• [Given data]:

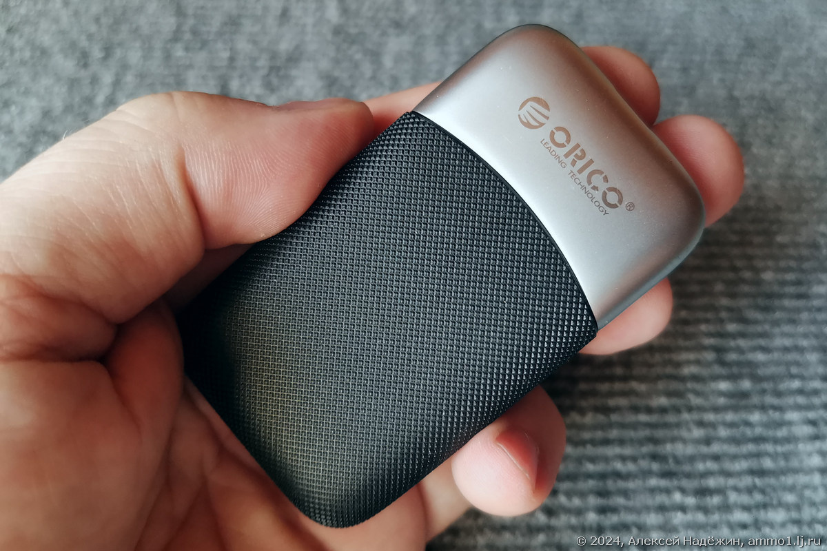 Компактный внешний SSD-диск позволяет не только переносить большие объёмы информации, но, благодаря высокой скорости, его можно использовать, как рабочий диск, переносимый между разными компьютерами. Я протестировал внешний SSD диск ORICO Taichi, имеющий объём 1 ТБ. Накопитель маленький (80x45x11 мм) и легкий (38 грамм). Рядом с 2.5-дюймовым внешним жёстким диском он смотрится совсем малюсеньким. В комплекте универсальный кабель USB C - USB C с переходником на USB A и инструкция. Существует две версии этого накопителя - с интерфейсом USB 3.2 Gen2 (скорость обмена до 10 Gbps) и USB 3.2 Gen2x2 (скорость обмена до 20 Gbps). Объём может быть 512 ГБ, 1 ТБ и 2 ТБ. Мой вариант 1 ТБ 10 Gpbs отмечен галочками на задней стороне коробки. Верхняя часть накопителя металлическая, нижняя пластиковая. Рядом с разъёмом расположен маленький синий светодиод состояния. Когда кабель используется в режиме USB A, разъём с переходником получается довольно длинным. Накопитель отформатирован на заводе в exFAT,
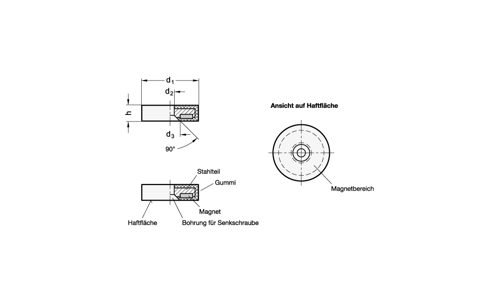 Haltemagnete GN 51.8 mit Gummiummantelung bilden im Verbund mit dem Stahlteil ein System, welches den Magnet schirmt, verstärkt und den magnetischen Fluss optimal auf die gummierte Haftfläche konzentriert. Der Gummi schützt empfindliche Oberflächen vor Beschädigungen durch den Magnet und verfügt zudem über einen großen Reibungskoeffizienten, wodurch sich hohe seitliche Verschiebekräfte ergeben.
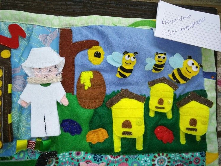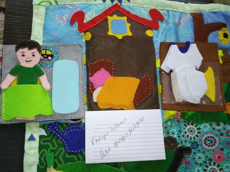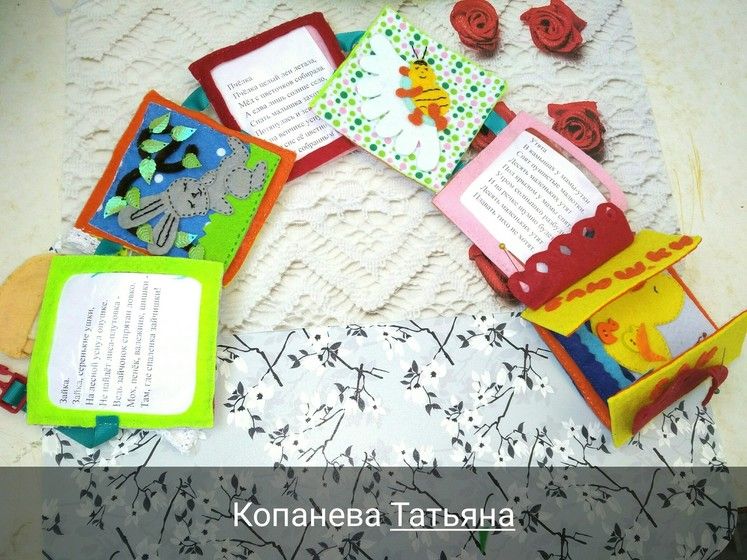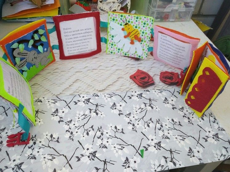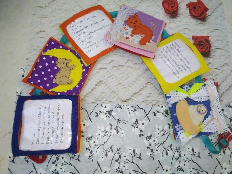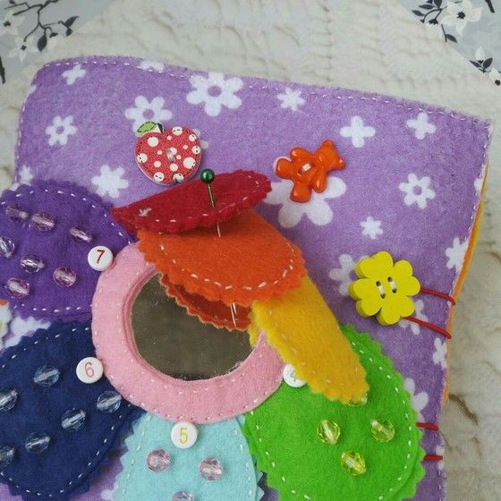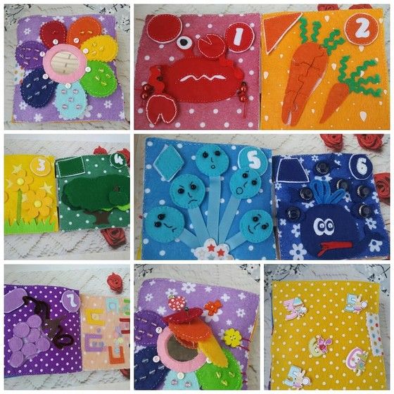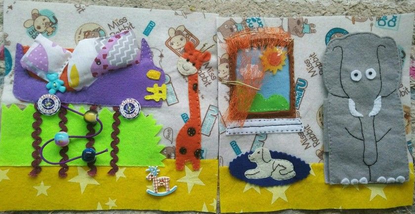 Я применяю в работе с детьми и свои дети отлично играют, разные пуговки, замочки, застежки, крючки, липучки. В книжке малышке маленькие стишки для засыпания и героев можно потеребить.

• [Directions for this task]: Please transcribe the whole listing above exactly, with the images left out.

• [Response to the task]:
 Компактный внешний SSD-диск позволяет не только переносить большие объёмы информации, но, благодаря высокой скорости, его можно использовать, как рабочий диск, переносимый между разными компьютерами. Я протестировал внешний SSD диск ORICO Taichi, имеющий объём 1 ТБ. Накопитель маленький (80x45x11 мм) и легкий (38 грамм). Рядом с 2.5-дюймовым внешним жёстким диском он смотрится совсем малюсеньким. В комплекте универсальный кабель USB C - USB C с переходником на USB A и инструкция. Существует две версии этого накопителя - с интерфейсом USB 3.2 Gen2 (скорость обмена до 10 Gbps) и USB 3.2 Gen2x2 (скорость обмена до 20 Gbps). Объём может быть 512 ГБ, 1 ТБ и 2 ТБ. Мой вариант 1 ТБ 10 Gpbs отмечен галочками на задней стороне коробки. Верхняя часть накопителя металлическая, нижняя пластиковая. Рядом с разъёмом расположен маленький синий светодиод состояния. Когда кабель используется в режиме USB A, разъём с переходником получается довольно длинным. Накопитель отформатирован на заводе в exFAT,
 Haltemagnete GN 51.8 mit Gummiummantelung bilden im Verbund mit dem Stahlteil ein System, welches den Magnet schirmt, verstärkt und den magnetischen Fluss optimal auf die gummierte Haftfläche konzentriert. Der Gummi schützt empfindliche Oberflächen vor Beschädigungen durch den Magnet und verfügt zudem über einen großen Reibungskoeffizienten, wodurch sich hohe seitliche Verschiebekräfte ergeben.
 Я применяю в работе с детьми и свои дети отлично играют, разные пуговки, замочки, застежки, крючки, липучки. В книжке малышке маленькие стишки для засыпания и героев можно потеребить.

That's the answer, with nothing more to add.